Due to Nasrallah's calibre among the traders in Karbala, he was nominated for chairman of the Karbala Chamber of Commerce by the traders, and in 1959, he took on management of the chamber. He served for six terms, from November 1959 to October 1969, being the longest serving chairman of the chamber. As chairman of the chamber, he would issue export and import licenses, as well as execute building contracts through his construction company, and invite members from the chambers of commerce from all over Iraq to Karbala, for meetings that would lead to many business ventures for the city.

The chamber began the al-Iqtisad magazine on July 15, 1960, under the supervision of Nasrallah. The chamber issued two magazines a month, and only had nine issues. Its final issue was released on December 15, 1960.

Nasrallah enjoyed Arab-Islamic history and culture greatly, and decided to establish a library for the chamber, in 1963. After attaining permission from the higher authority, he formed a committee made up of employees from the chamber, and had them purchase a plethora of books, ranging from history books to books about business, religion, and science. Members of the committee travelled to other cities such as Baghdad and Najaf to purchase books, until a notable amount of books was collected in the library. The library kept expanding over the years until the 1991 uprising, which saw the Baathist forces destroy Karbala, and this included the chamber, which they burnt down, and only a few books remained from the chambers library.

In 1965, Nasrallah endorsed a new date syrup factory in Karbala, in conjunction with the Industrial Bank, and the factory was established the following year.

On February 28, 1968, Nasrallah sent a telegram, on behalf of all of Iraq's chambers of commerce, to Mohamed Makiya, endorsing his plans to revolutionize the city of Kufa by building a state of the art university, and large market. However the plans were opposed by the Baathists, who Makiya fell from favour with, and the project never saw light.

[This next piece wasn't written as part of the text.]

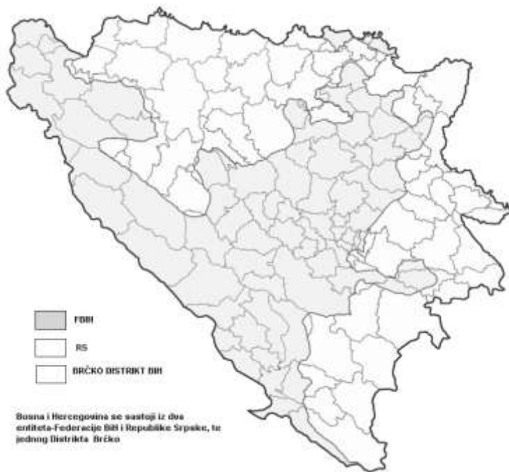
Slika 1. Podjela BiH na entitete i distrikt

zakonskim aktima. Kao stanje, bezbjednost isključuje postojanje materijalnih i drugih akata uperenih protiv ustavnog poretka, nezavisnosti, suvereniteta, teritorijalnog integriteta, oružanih snaga i drugih vrijednosti, koje predstavljaju zaštićena dobra... 101

== Personal life & death ==
Nasrallah was responsible for receiving the mourning processions representing the University of Baghdad on Ashura. Along with the sons of Ayatollah Hakim, he would receive over 2000 students and 1000 professors. The procession would arrive to Karbala on the ninth of Muharram, visit the two shrines, then return to their accommodation, which was spread across five Hussainiyah's, and spend the night there. Then they would wake up the following morning, on the tenth of Muharram, and attend a majlis at the al-Masloob Hussainiyah, that started with a recitation of Ziyarat Ashura, followed by a word by a Moroccan student, an elegy by an Algerian student, and finally, a closing speech by Nasrallah, where he thanks the university, and extends his hope that they are inspired by Husayn, whose ethics provide a socio-ethical blueprint that is exemplary in the way it articulates the values of Islam.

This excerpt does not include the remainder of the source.